Improving the information content of IASI assimilation for numerical weather prediction
SmithFiona Isobel
2015
The Infrared Atmosperhic Sounding Interferometer (IASI) provides significant
impact to numerical weather prediction systems despite current assimilation schemes
using less than 2% of the channels. The current system does not achieve the information
content predicted by earlier theoretical studies and results presented here show
that the information content could be doubled if the full spectrum were exploited.
There is potential to improve the vertical resolution of the humidity analysis and
the stratospheric temperature in particular.
This thesis explores principal component (PC) compression and radiance reconstruction
to compress the spectrum by over 90% whilst retaining almost the full
information content. Theoretical calculations are shown that indicate PC scores and
reconstructed radiances achieve close to the maximum information content, making
them promising approaches for better exploitation of IASI. However, care must be
taken because neglected error terms and matrix conditioning are problematic due to
the way the information in the compressed observations is coupled in the vertical.
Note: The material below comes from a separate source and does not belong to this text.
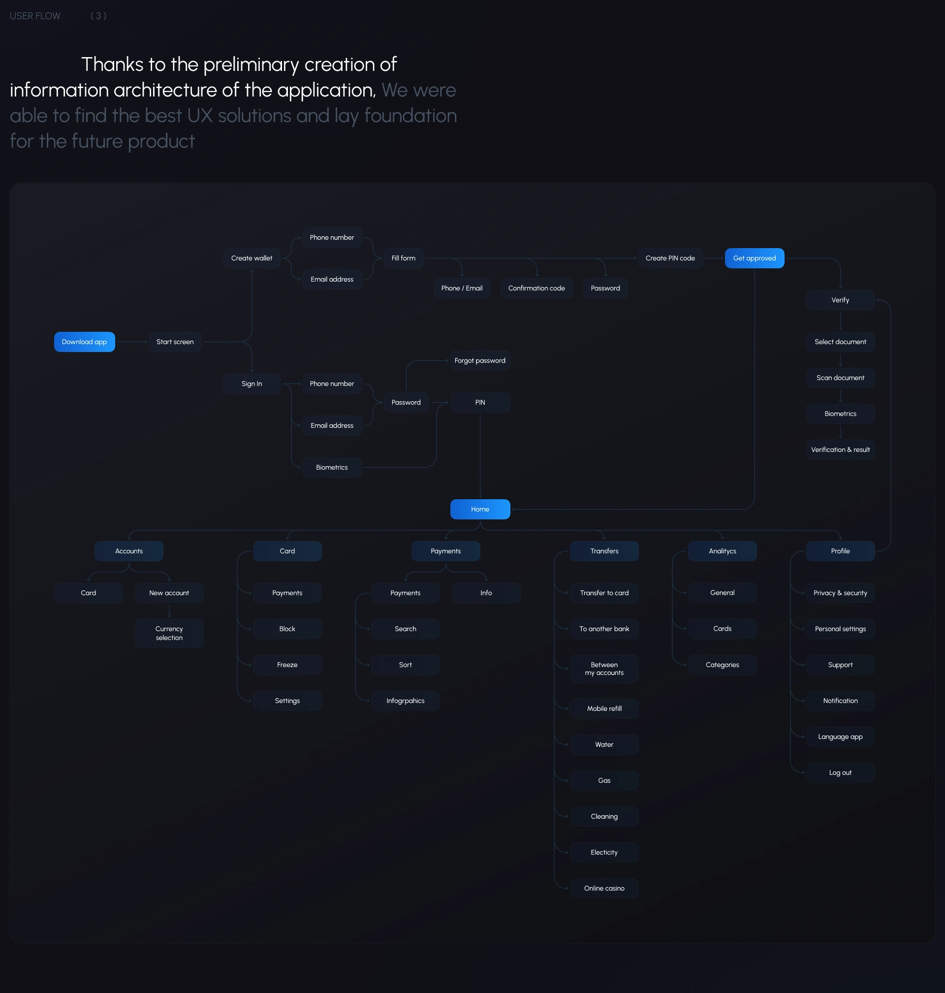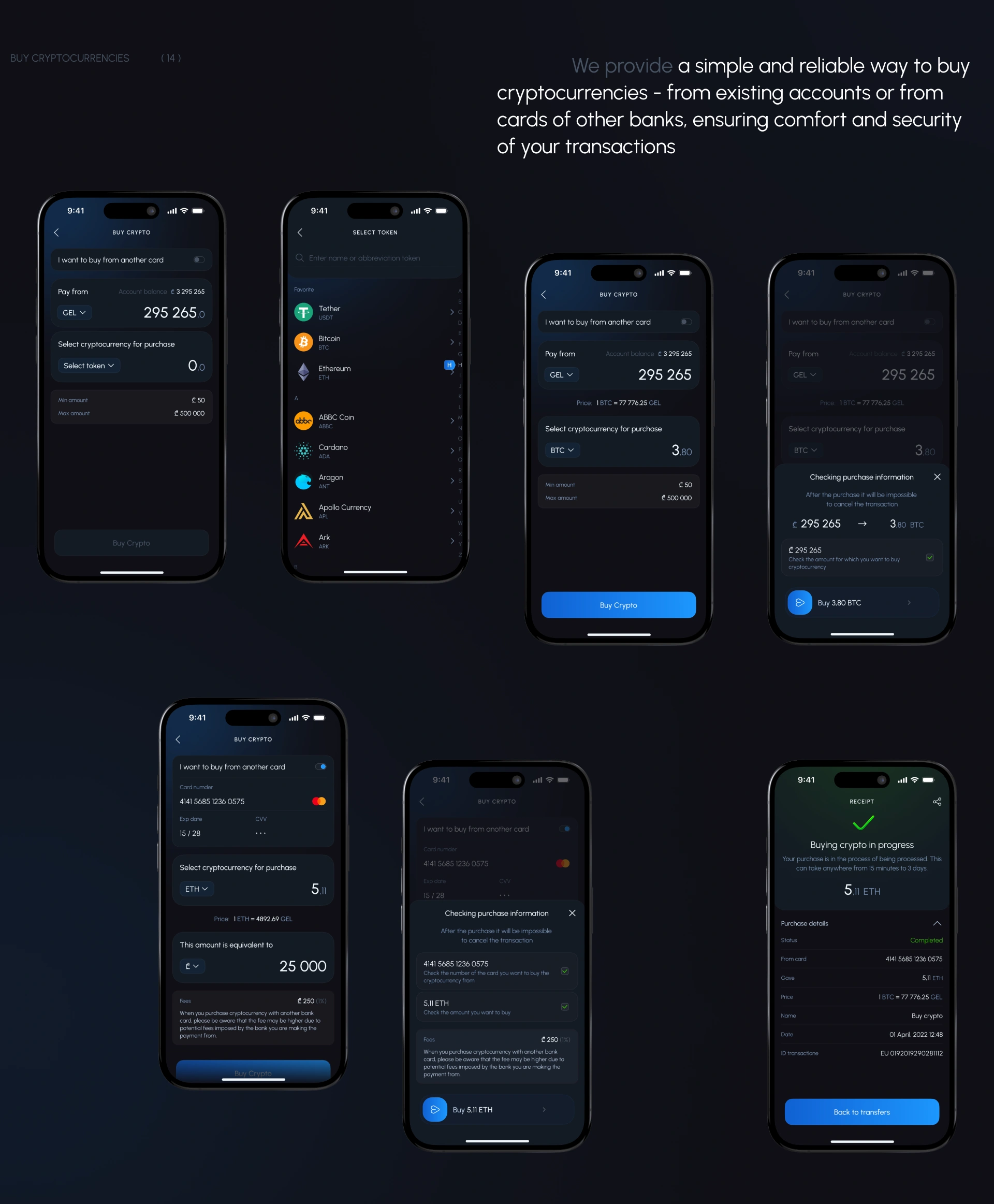 The UX/UI of the mobile application was developed, which implemented a dual logic of use: familiar scenarios for the mass audience and advanced crypto features for advanced users. We provided ux solutions for mobile banking apps.

New methods for choosing reconstructed radiance channels for assimilation are developed
and tested, generating channel selections suitable for implementation in the
Met Office operational system.
The final section is concerned with the interaction between the observation information
and the background error covariance matrix. This matrix can only ever
be estimated, which causes the analysis to be suboptimal. If the differences between
true and assumed errors are large enough, the analysis may be degraded relative
to the background. Guarding against exaggeration of background errors is therefore
important, and for water vapour in particular, spurious vertical structures in
the stratosphere must be avoided. Increasing the spectral coverage increases the
information content and reduces exposure to analysis degradation. This result is
encouraging because it means that there is no greater risk to the analysis if more
spectral information is provided, paving the way for assimilation of reconstructed
radiances.